The trust also benefited from strong moves in names such as SolGold and Solaris in copper development, while maintaining selective exposure to shipping and oilfield services to play energy logistics and rigs.
Context: the tender offer and who benefited
In October, the company completed a major Tender Offer, buying back 29,344,059 shares with a Tender Price of 208.33p. The board highlights that the NAV has since recovered to pre-Tender levels despite the smaller asset base. Shareholders who stayed for the ride have so far been well rewarded, with the share price up to 355.00p at 31 December 2025 and peaking at 440p on 2 March 2026 before easing to 347p by 20 March 2026.
Outlook and my verdict
The team expects ongoing geopolitical volatility to keep resource security front and centre. They have tilted more heavily into oil and gas explorers, producers, rigs and shipping as spare capacity tightens and valuations imply long-term oil around $60-65/bbl. At the same time, precious metals remain the single largest exposure and, in their view, still have upside given US fiscal deficits and stagflation risks.

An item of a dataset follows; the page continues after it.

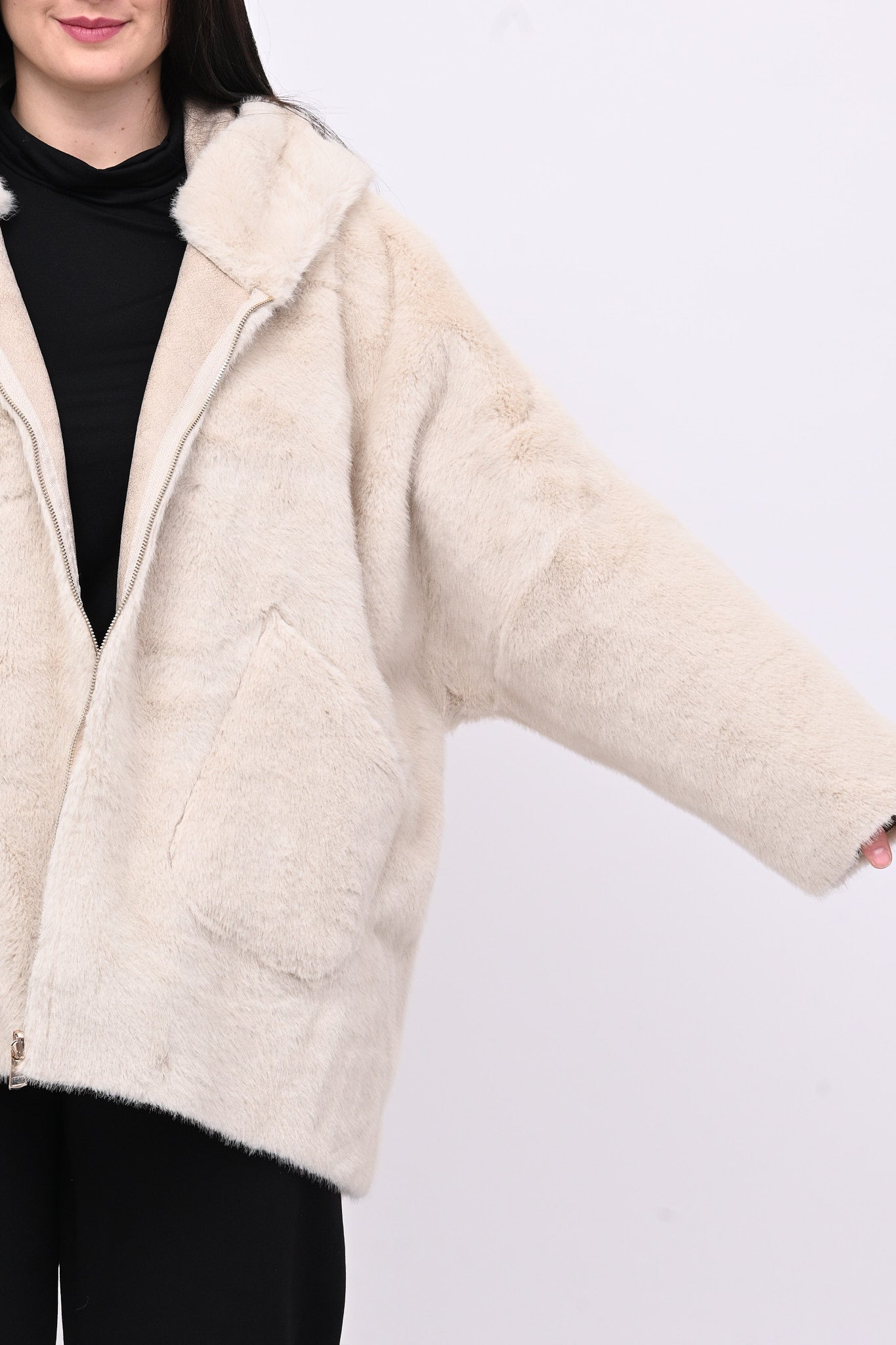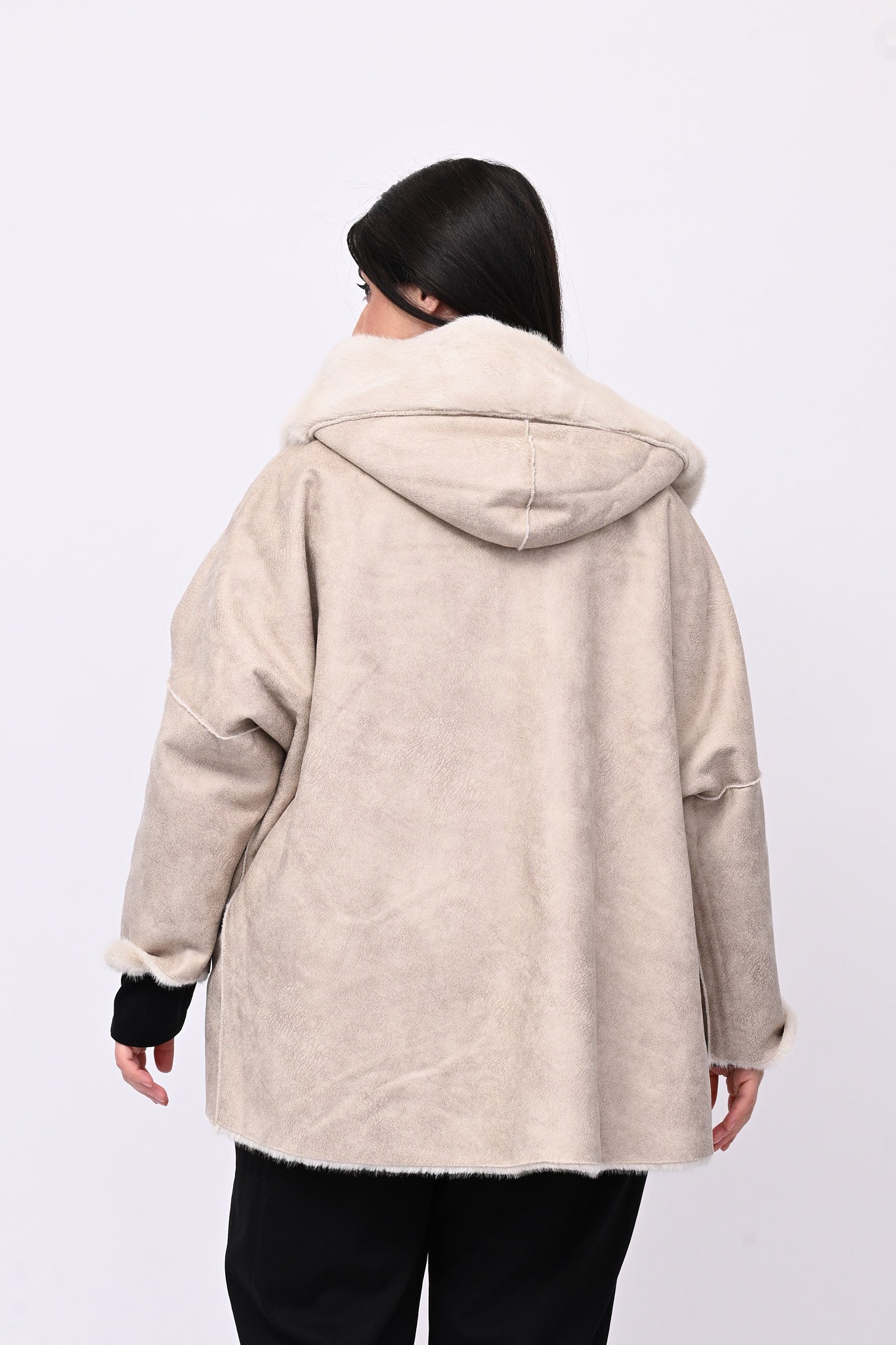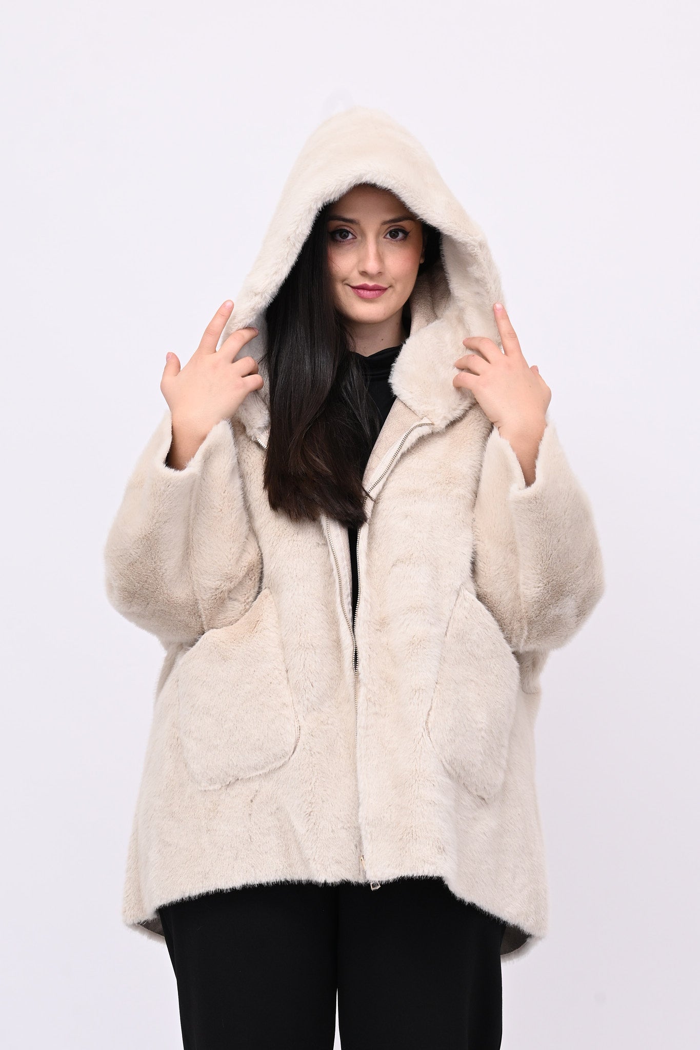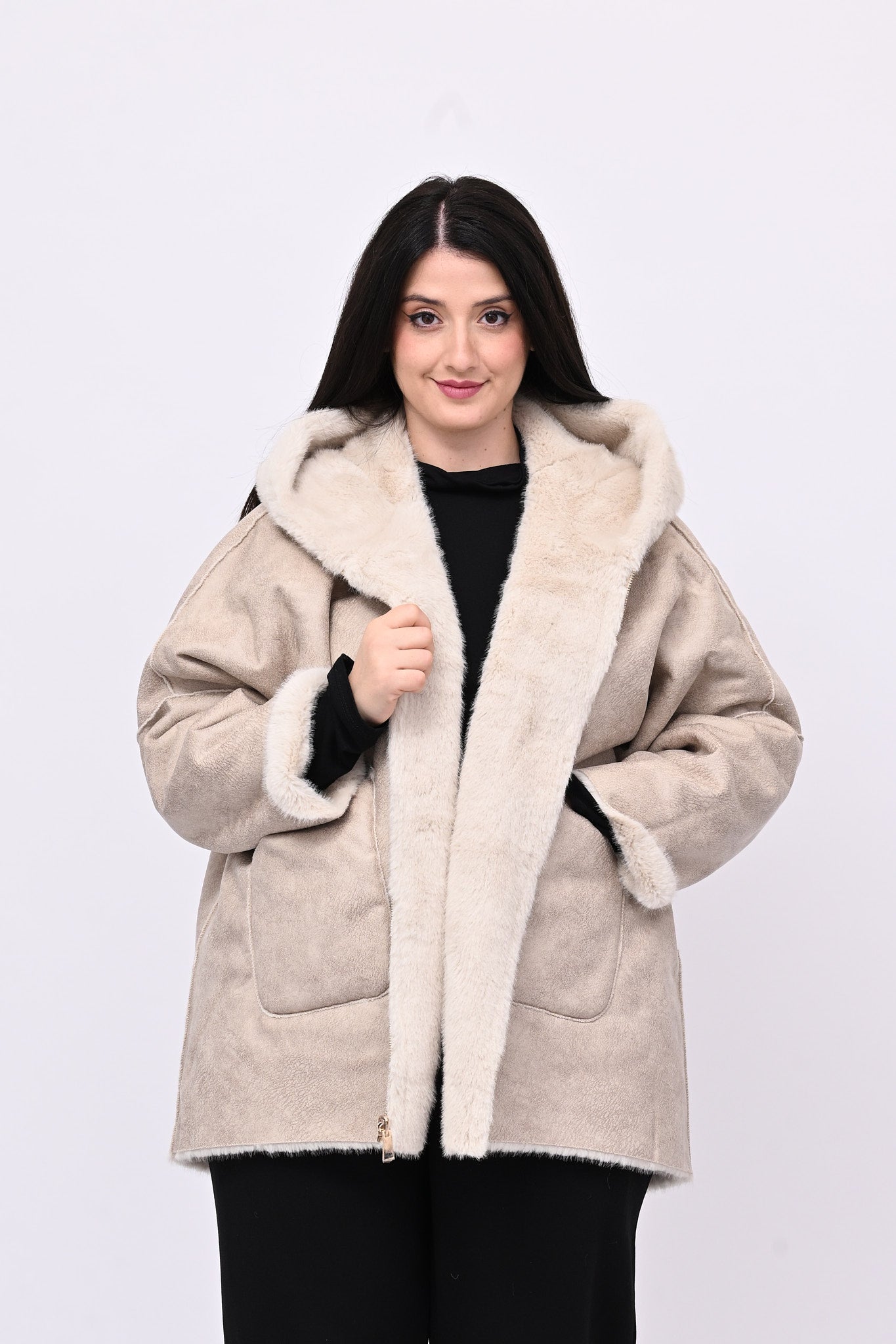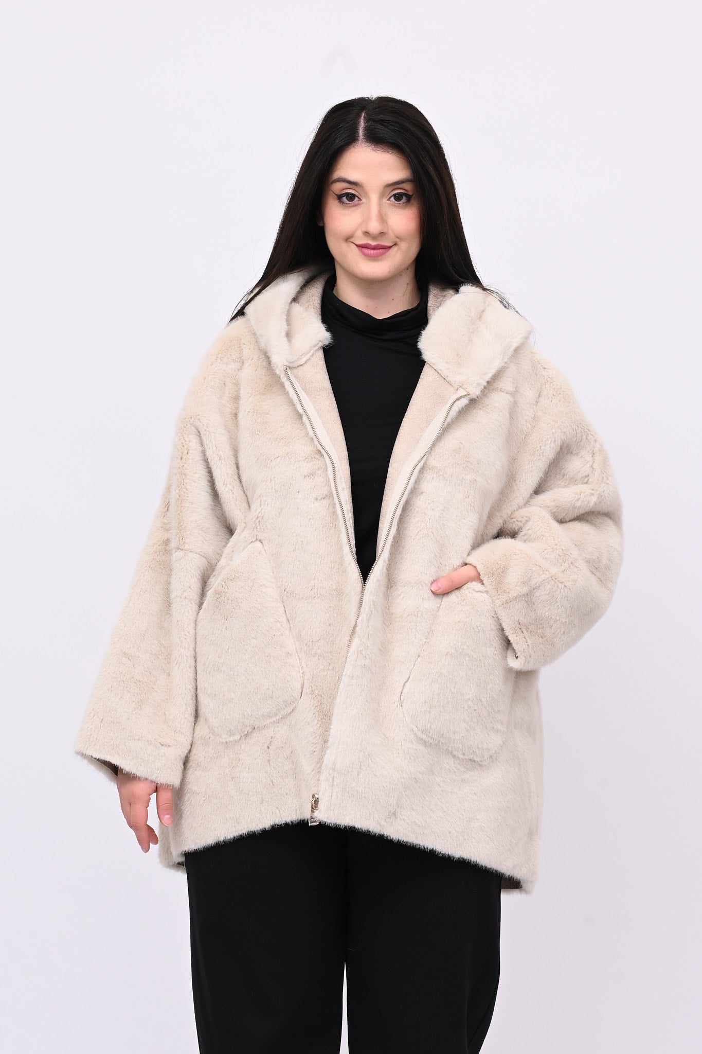 Eco pelliccia double face con cappuccio integrato, tasche a toppa e chiusura con zip.  Rigirando il capo si trasforma in eco montone.  Calda, femminile e versatile combina eleganza e praticità ed è perfetta per ogni occasione.

Glass-half-full: standout performance, a high (if variable) dividend policy, proactive capital management and a nimble mandate that can reallocate quickly. Glass-half-empty: manager departures add uncertainty, the discount has widened post period-end, and the portfolio’s macro sensitivity cuts both ways.
What to watch next
- Manager continuity: any formal changes to the investment management agreement and who will lead the portfolio thereafter.
- Discount control in practice: pace of buybacks if the discount remains wide.
- Dividend trajectory: quarterly payouts will flex with NAV under the 8% policy.
- Commodity mix: how far the rotation into energy goes, and whether precious metals exposure stays near the 50% cap.
- Gearing level: deployment of the now £15 million facility as volatility creates opportunities.
Bottom line: an excellent half-year built on the right calls in precious metals and a timely tilt to energy. Keep an eye on the management transition – if the board lands a robust solution, today’s discount could prove an opportunity.